Examining the medicines in his dressing room, the curate made a shocking discovery, namely that a bottle of tartarised antimony had been tampered with. The cork was only half in and, as a residue was easily visible on the edge of the bottle, it was clear that powder had been poured out. He thought about half an ounce of the powerful emetic had been removed.
What’s in a name?
But who was the curate of St Columba anyway? Where did he come from, and what had been his personal history up to the moment of his attempted murder? And do we know anything about him that might go some way towards explaining the extraordinary events that nearly cost him his life?
Chichester Reade was born in 1836 in Donegal in the northwest of Ireland. His full name, which was Chichester Arthur Wellesley Reade, has a rather remarkable ring to it. But his connection with the hero of Waterloo was real enough, in that a great-great-grandfather by the name of Richard Wesley was also Arthur Wellesley’s grandfather.
Wesley was in fact born Colley, but he changed his name in adulthood. Then his son Garret Wesley was created Viscount Wellesley. The Londoners in our midst will be gratified to learn that Garrett was also the 1st Earl of Mornington and gave his name not only to Mornington Crescent and Mornington Place but also to Mornington Street and Mornington Terrace.

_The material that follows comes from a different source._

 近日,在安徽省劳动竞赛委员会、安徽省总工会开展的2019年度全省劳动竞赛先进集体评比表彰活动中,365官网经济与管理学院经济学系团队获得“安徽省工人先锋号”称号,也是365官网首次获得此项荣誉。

Mornington, incidentally, is in County Meath in Ireland.

The rector’s son
So the Duke of Wellington was Chicester Reade’s first cousin twice removed, which apparently entitled him to adopt the great man’s name. He also had naval blood in his veins, as his maternal grandfather, Chichester Fortescue, had been an admiral. But his father, George Harrison Reade, was neither a soldier nor a sailor but a Church of Ireland rector at Inniskeen in County Monaghan.

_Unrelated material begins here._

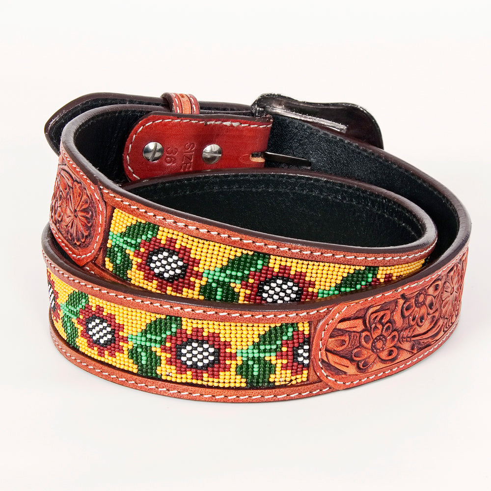 Experience The Craftsmanship Of The Bar H Tack Leather Belt: Each Belt Is Meticulously Crafted With Hand Tooling, Hand Carving, And Hand Finishing Using Premium Genuine Vegetable-Tanned Cowhide Leather. It'S Complemented With Gorgeous Beadwork. Ideal For Both Casual And Formal Attire, These Leather Belts Stand Out In Every Season.

At the time of the second of his father’s appointments Reade was an undergraduate at Trinity College Dublin, where he was studying law. But he was at home in Inniskeen Rectory on the morning of Tuesday 12 October 1858, when he found himself at the centre of a rather ugly incident.

Not a peaceful island
Inniskeen — now Inishkeen — was a village near Carrickmacross. The name in Irish means ‘peaceful island’, which is ironic in view of the events of that October morning. From the house where George Harrison Reade lived with his family and servants, Inniskeen Rectory, which stood across the border in Dundalk in County Louth, a path led to a bridge which crossed a river and continued on into a field.
The terrain was hilly, and it was on a hill that the eighteen-year-old Chichester Reade was spotted at an early hour by several locals, who swore blind that they had witnessed him shooting a hare. And, as the young law student did not have a licence to shoot game, he found himself in court, in December, answering for his actions.

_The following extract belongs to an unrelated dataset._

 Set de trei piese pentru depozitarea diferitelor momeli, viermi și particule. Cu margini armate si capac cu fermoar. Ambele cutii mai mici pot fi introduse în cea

And his answer was extraordinary. The shots, he claimed, had been fired not on the hill but behind the house. They had nothing to do with a hare and everything to do with the perpetration of an outrageous crime. To be precise, an attempt had been made on the life of his father.

Often denounced
Why would anyone want to assassinate George Harrison Reade? The reason, it would seem, lay in the deep resentment towards the Protestant missionaries of the Church of Ireland, who were making vigorous efforts to win converts from the Catholic Church.
The evangelising Reade was one of those who met with bitter opposition. In 1856 he and his family were subjected to what he described as ‘the most virulent persecution’ in response to his activities:
we have been denounced from the altar time innumerable, the ladies of my family have been hooted, pelted, spat on, cursed and followed round with readings. One of my sons was fired at from behind a ditch and has also been pelted with stones and much hurt. Two subscriptions were laid by the Ribbonmen to shoot me.
Fearing the worst
The story Chichester Reade told the court went as follows. On the morning in question, at half-past four, he had been woken by the sound of a window at the front of the house being opened from outside. As his father had previously received death threats, he feared the worst, and so he armed himself with a loaded gun before making his way down to the hall, telling the cook, who had also come out of her room, to extinguish the light she was carrying. Opening the hall door, he saw the outlines of men standing in front of the house.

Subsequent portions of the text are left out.